Trump has engaged in state capitalism during his second term.

Marla Shagina wrote in the International Institute for Strategic Studies that the federal government “acquired a golden share in U.S. Steel as a condition for approving its acquisition by Japan’s Nippon Steel.”

Coy wrote recently on Substack that economist Clifford Winston of the Brookings Institute stated in his 2025 book, “Market Corrections Not Government Interventions: A Path to Improve the U.S. Economy” that governments should be reticent about jumping in to fix what policymakers perceive as market failures, because governments themselves often fail to fix the failures or even make things worse.”

Even when markets do underperform, they have a “capability to self-correct” that is rarely seen in government, Winston stated.

He wrote, “In the 1980s, when it was Japanese rather than Chinese cars that Americans were trying to keep out, Japan’s supposedly voluntary restraints on its automakers’ exports to the United States “limited the availability of fuel-efficient Japanese vehicles that U.S. consumers preferred over less-fuel-efficient U.S. vehicles” he writes. The reduction in competition made it possible for domestic automakers to “significantly raise their prices.”

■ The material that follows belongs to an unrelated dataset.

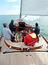 Klassiske linjer, men moderne rigg og undervannskrog gir suverene seilegenskaper. Trekonstruksjon gir et lett og sterk skrog, men alt har sin pris.
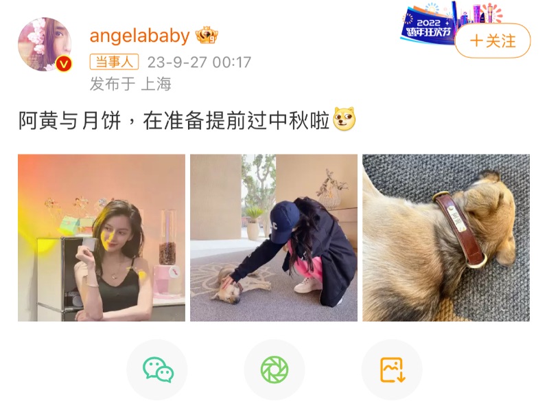 原來是因為楊穎曬出了一隻戴有「阿黃」項圈的狗狗,結果就有網友解讀成她在暗潮自己前夫黃曉明是「狗男人」👇🏻

Zelity stated that Winton’s statement is general, and he would want to read his book before making any assertive evaluations.

However, he added, “I would say that there is a newly emerging tendency towards industrial policy (governments actively aiding specific domestic industries) in many advanced economies, which risks creating inefficiencies at great cost to taxpayers while potentially achieving limited economic gains. Dr. Winston's description of Japanese export restraints in the 1980s provides one example of this. However, some might argue that even if such policies are costly and not economically optimal, they may be the right choice from a long-term strategic, geopolitical standpoint.”

Justin Lahart and Danny Dougherty of The Wall Street Journal have reported that job growth for 2025 was the lowest since 2003, excluding the 2008 Great Recession and the 2020 pandemic recession.

Wrote Zelity, “There are four factors behind slowing job growth in 2025. First, immigration restrictions have reduced population growth which has a direct negative effect on payroll growth. Second, there is a cyclical cooling in the labor market. That is to say, elevated interest rates as well as a return towards more normal conditions following the post-COVID boom have both exerted a negative force on job growth.”

“Third, public sector job growth was abnormally high in 2022-2024,” he remarked. “It has come back down closer to historical norms in 2025. And fourth, private sector hiring has also been cautious due to increased AI implementation.”

Yet, there is a contrast: Consumers are gloomy, yet reports state that the stock market is booming.

Zelity stated that is “to a very large extent caused by the AI boom. Companies with significant exposure to AI are the ones driving the gains and they are making up an increasingly larger share of leading indices such as the S&P 500.

The sustainability of this boom, reminiscent of the dot-com bubble, has been brought into question by many commentators. The vast majority of US stock market trades are made by institutional, not retail, investors which might explain the disconnect with consumer confidence. Consumer dissatisfaction is driven at least partially by stubbornly high inflation and prices.”